13.3 For any dispute that may arise related to the conclusion, application, interpretation, validity, effectiveness, execution and/or termination of this Agreement, the winning party shall be entitled to obtain from the other party the reimbursement of any professional technical and/or forensic costs, expenses and compensation, to a reasonable extent, incurred in relation to the dispute.

  1. Severability

14.1 Should any clause be considered invalid or unenforceable by the judgement of a Court of competent jurisdiction or award of an Arbitral Tribunal, all other provisions shall remain in full force and effect.

14.2 The parties agree, however, to replace, when possible, any provision declared invalid by a provision which shall reflect their initial intent, as objectively and consistently as possible and in accordance with the basic relationship existing between the parties.

  1. Waiver

The non-enforcement by the Seller of any provision contained in the Contract shall not be construed by the Buyer as a waiver of the right to enforce the provision at another time under different circumstances and/or enforce other provisions of the Contract.

  1. Notice

14.1 Any notice required or permitted to be given by the parties under the terms of the Contract shall be in writing in English and shall be sent to the last known address of the recipient party.
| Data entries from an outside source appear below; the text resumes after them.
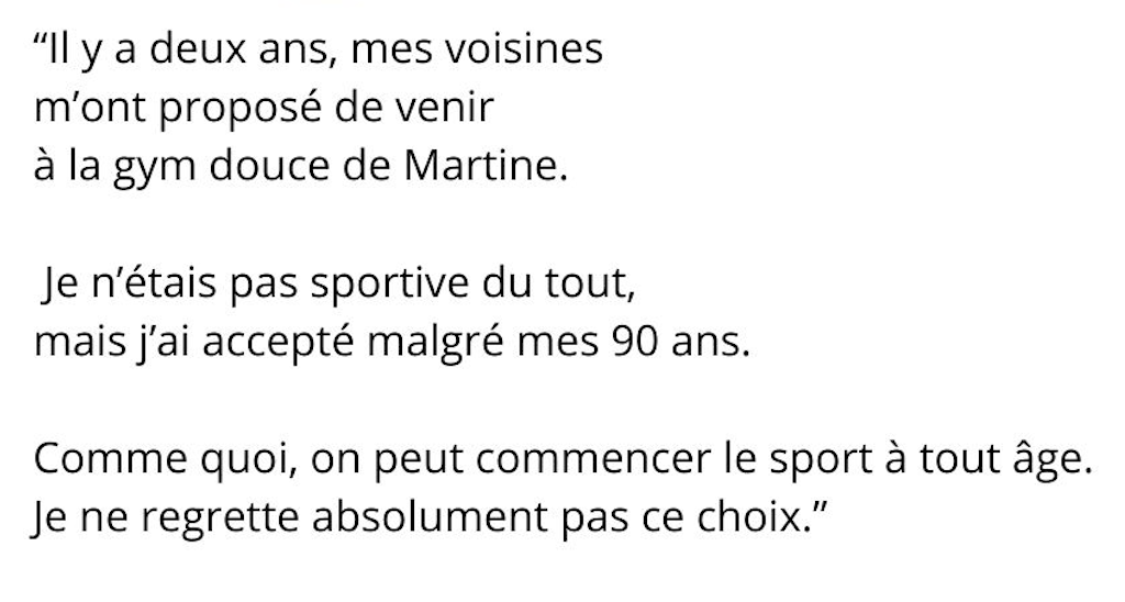 Notamment autour de l’équilibre, du renforcement musculaire au cœur de mon travail de terrain.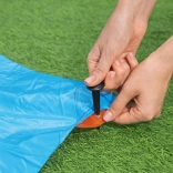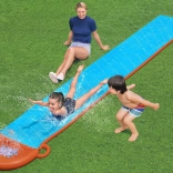 A telepítés rendkívül egyszerű. Csak terítse le a csúszdát a fűre, csatlakoztassa a tömlőt, és élvezze a hosszú órákig tartó vízi szórakozást a friss levegőn.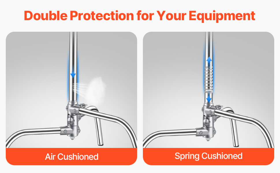 Tento fotografický stojan typu C, navrhnutý špeciálne pre ťažké zariadenia, je vybavený špirálovými zámkami na bezpečné upevnenie v kombinácii s pokročilým systémom vzduchového a pružinového odpruženia. Zabezpečuje, aby vaše zariadenie zostalo stabilné a bezpečné, účinne minimalizuje vibrácie a zabraňuje poškodeniu pri nárazoch alebo otrasoch.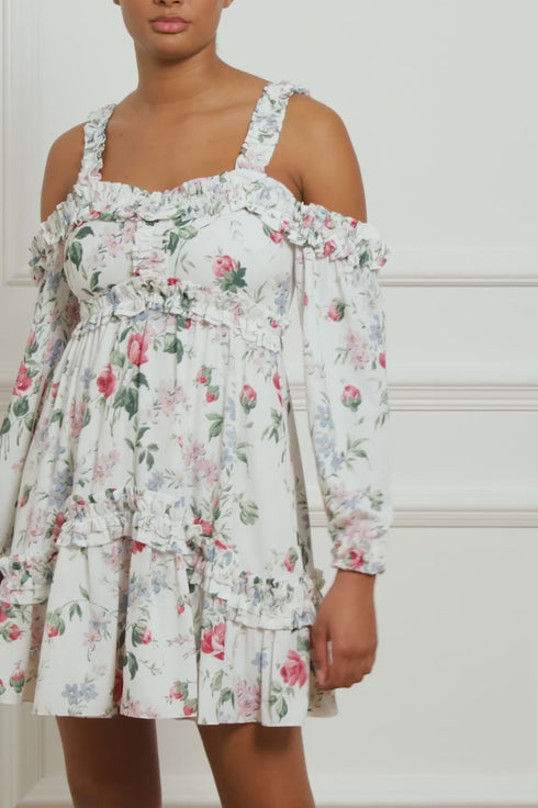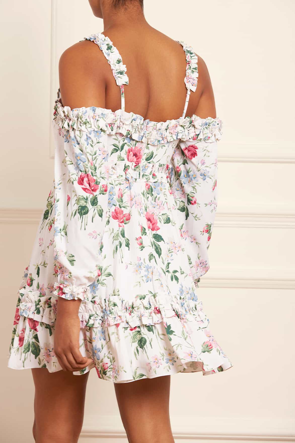 The Floral Fantasy Crepe Off-Shoulder Micro Mini Dress in Moonshine. Designed with a beautiful floral print taken from an early 1900’s hand-painted wallpaper design. Decorated with romantic garden florals that create an all-over, organic layout in a whimsical flower artwork. Designed with a contemporary cold-shoulder detail and signature frills adorning the sleeves and bodice adding a romantic edge. Crafted with a loose-fit silhouette for an effortless, whimsical look. A transitional day to night piece.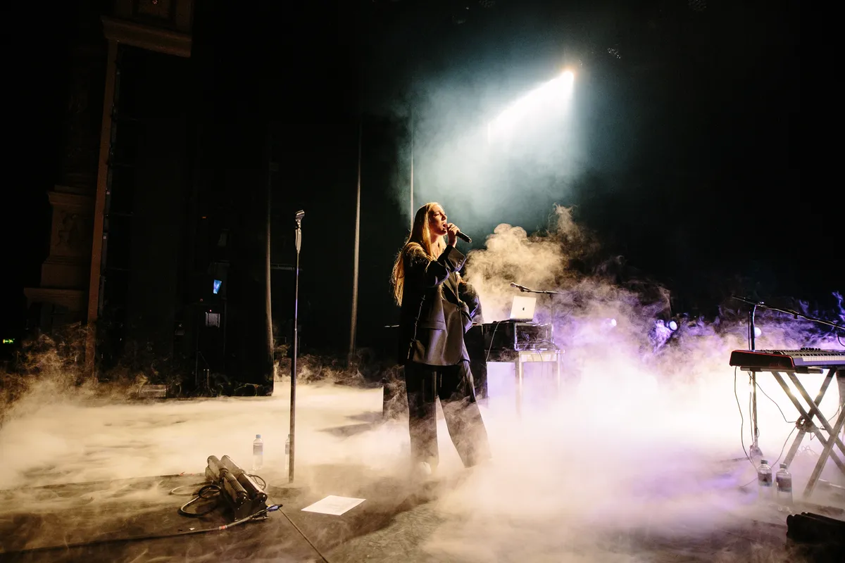 Geen vleugje onzekerheid, geen greintje zenuwen. Nee, bij S10 lijkt het als vanzelf te gaan. Rook kruipt over het podium tussen haar benen door, naar beneden het publiek in. Het zorgt voor een ingetogen maar theatraal geheel. Dat belooft wat voor het songfestival. En die stem, die raakt je tot in je botten. Het tranentrekkende ‘Maak Me Wakker’ gaat door merg en been en de diepe bas van de track kruipt in de muren en onder je huid. De albumversie verbleekt erbij.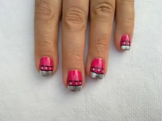 - ほうれい線(ピンクとシルバーのポリッシュが出会う場所)に黒のストライピングテープを貼ります。ピンクの爪の真ん中あたりに2番目のストライプを適用します。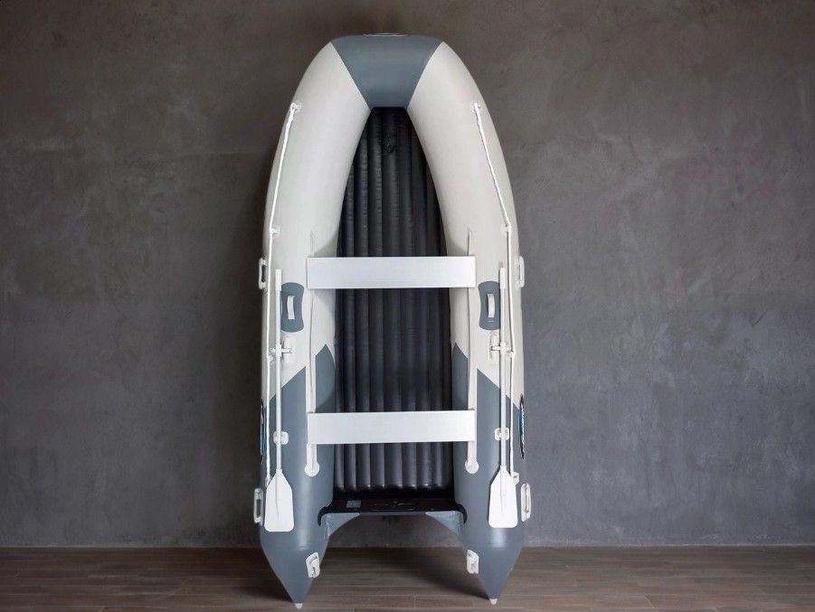 В лодке Гладиатор Air E 350 LT с полом НДНД внутренние борта не подвержены истиранию в связи с отсутствием жестких пайолов со стрингерами.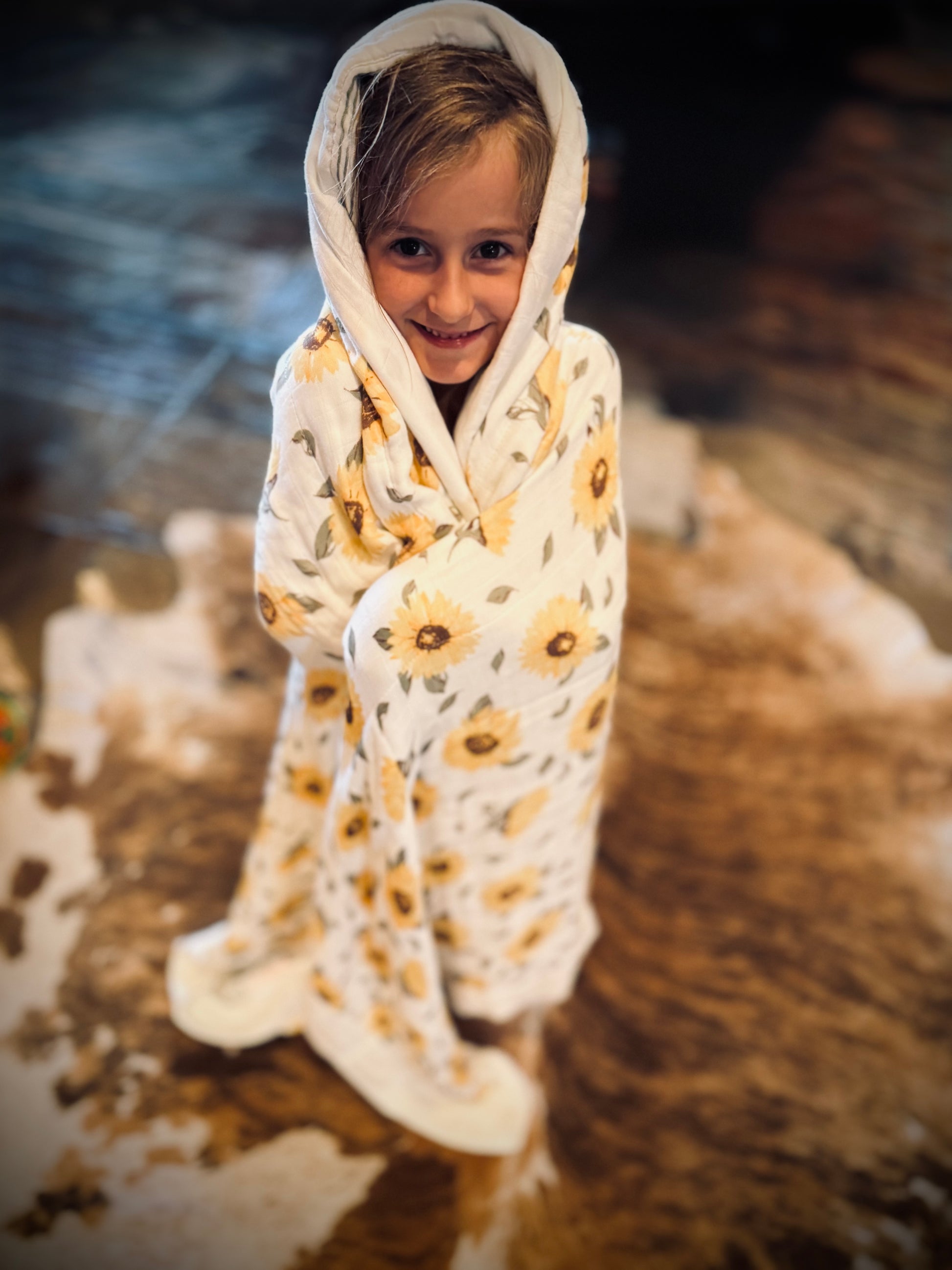 Sunflower Farm and Sage Green Stripe Throw Blanket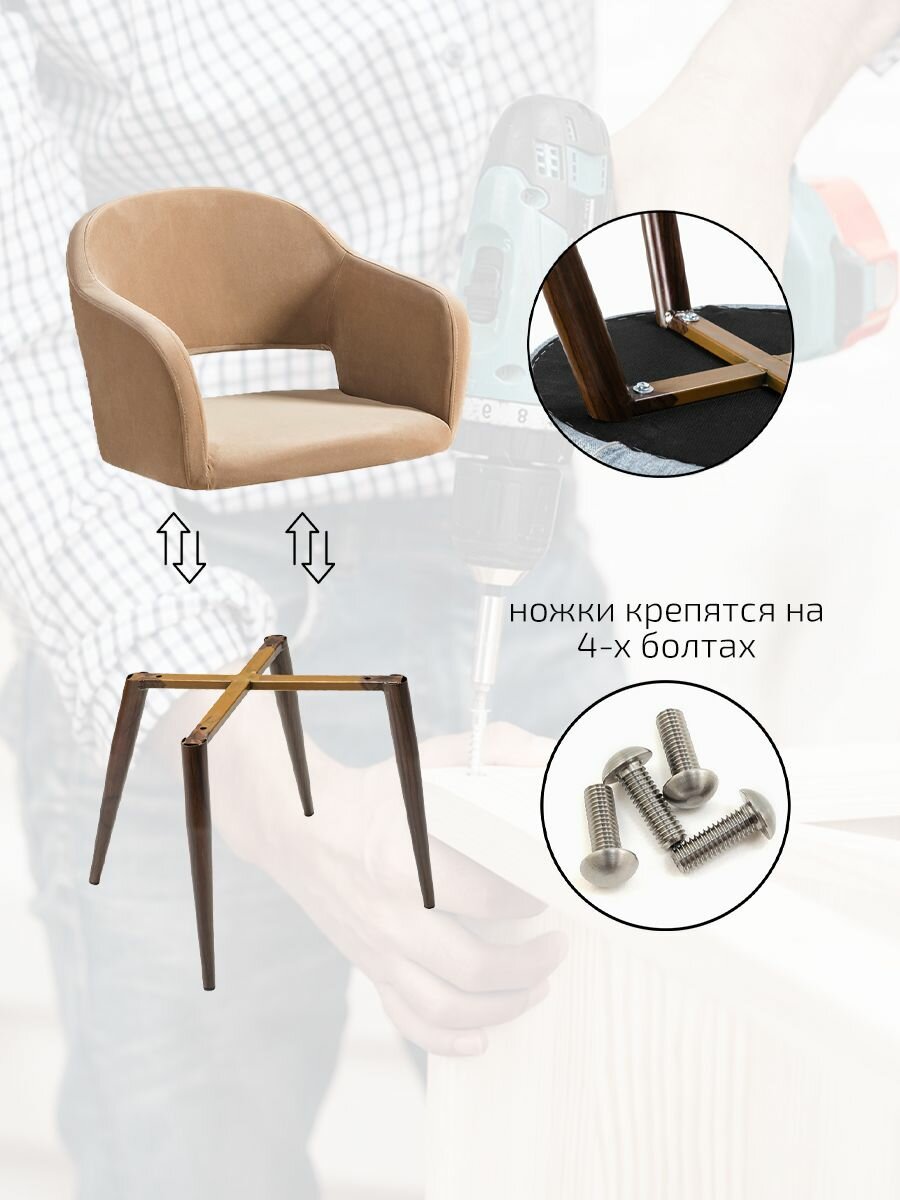 Стулья для кухни премиум комплект 2 шт, стул кухонный Oscar темно-бежевый + ножки темный орех

14.2 Notices sent by post shall be deemed to be received after seven (7) days from the dispatch. Notices sent by e-mail, fax or any other equivalent means shall be deemed to be received on the date of the dispatch.

  1. Intellectual Property Rights

17.1 The Buyer acknowledges that the intellectual property rights related to the present Contract remain the sole and exclusive property of the Seller. The intellectual property rights are protected by the Italian law and the international rules.

17.2 The Buyer shall use the intellectual property rights only in accordance with the laws above-mentioned and with any other agreement between the parties.

  1. Information to Data Subjects

In compliance with the Italian Data Protection Code (D.lgs 196/2003), we inform you that your personal information will be recorded and handled for legal, fiscal and commercial purposes. The processing of your personal data may be performed also to send advertising materials or to carry out commercial communication activities related to VETRART di Bagnara  Daniele & C. s.n.c.  services. You are not obliged to give us your personal information. If you do not provide your personal information, it may be impossible for us to refer, respond to, or investigate your complaint or request. This provision does not apply to the processing of personal data perfomed to send advertising materials ot to carry out commercial communication activities. We may share your information with our employees, contractors acting on our behalf, consultants, any public or private authority that must access your data, who are subject to confidentiality agreements, only for the above metioned purposes. Your data may be disseminated through our web site or our publications for commercial reasons. The above mentioned collection and handling of information, which may be automatically processed, will be made using those tools as are appropriate to guarantee its security and confidentiality. The collection and handling of your personal information will run for a period of ten (10) years after the termination of the contractual relationship. After that period the information will be erased.

You are entitled to the rights as per art.7 of Italian Data Protection Code (D.lgs 196/2003) and you may access your personal information to correct, update, rectificate, anonymize, integrate, cancel and/or block it. The Data Controler is. VETRART di Bagnara  Daniele & C. s.n.c., via dei Tulipani, 11 36061 Bassano del Grappa – (VI) – Italy.

  1. (Language)

These General Conditions of Sale are written in Italian and shall be understood as the only authentic text. In the case of translation into other languages, such translations should be considered as mere working papers.